▶ EXERCISE MATERIAL

···

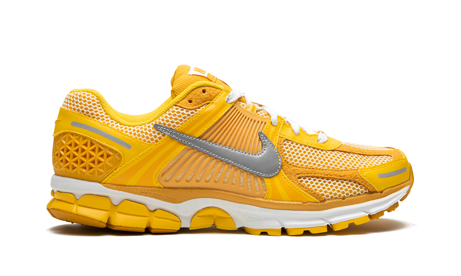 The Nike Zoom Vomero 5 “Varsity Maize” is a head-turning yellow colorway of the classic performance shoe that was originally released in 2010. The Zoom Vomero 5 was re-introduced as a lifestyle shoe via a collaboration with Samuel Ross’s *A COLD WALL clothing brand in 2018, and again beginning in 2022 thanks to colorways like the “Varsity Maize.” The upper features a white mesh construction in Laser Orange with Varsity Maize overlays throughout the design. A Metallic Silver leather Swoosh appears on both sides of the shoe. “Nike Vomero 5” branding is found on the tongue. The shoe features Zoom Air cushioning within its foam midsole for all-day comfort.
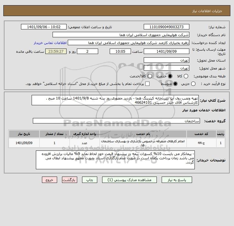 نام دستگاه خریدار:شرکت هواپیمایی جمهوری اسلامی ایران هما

···

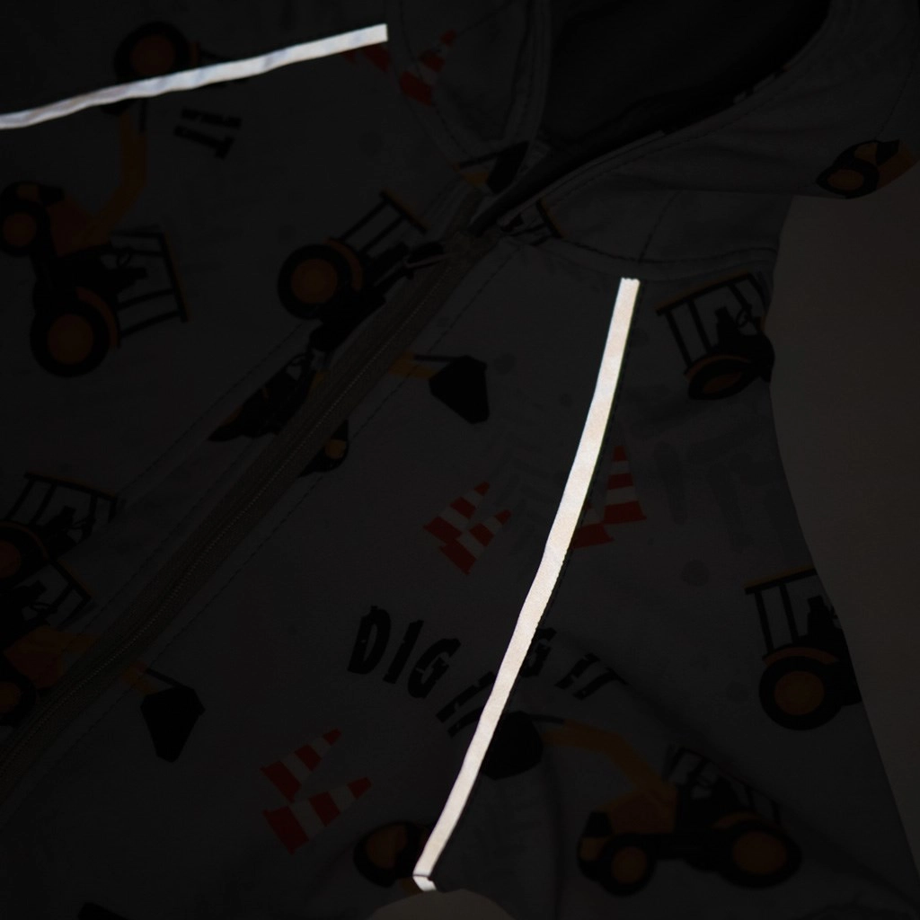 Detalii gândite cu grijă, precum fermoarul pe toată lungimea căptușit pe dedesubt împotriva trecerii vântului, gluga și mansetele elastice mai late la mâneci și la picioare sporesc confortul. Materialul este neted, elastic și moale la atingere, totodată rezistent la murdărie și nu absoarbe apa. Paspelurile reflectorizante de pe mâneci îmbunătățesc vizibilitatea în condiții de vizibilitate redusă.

···

▶ TASK DIRECTIONS
Your reply is to be an exact repeat of the listing above from the line holding "The Nike Zoom" down to the line holding "نام دستگاه خریدار:شرکت", ends included, pictures excluded.

▶ SOLUTION TO THIS EXERCISE
 The Nike Zoom Vomero 5 “Varsity Maize” is a head-turning yellow colorway of the classic performance shoe that was originally released in 2010. The Zoom Vomero 5 was re-introduced as a lifestyle shoe via a collaboration with Samuel Ross’s *A COLD WALL clothing brand in 2018, and again beginning in 2022 thanks to colorways like the “Varsity Maize.” The upper features a white mesh construction in Laser Orange with Varsity Maize overlays throughout the design. A Metallic Silver leather Swoosh appears on both sides of the shoe. “Nike Vomero 5” branding is found on the tongue. The shoe features Zoom Air cushioning within its foam midsole for all-day comfort.
 نام دستگاه خریدار:شرکت هواپیمایی جمهوری اسلامی ایران هما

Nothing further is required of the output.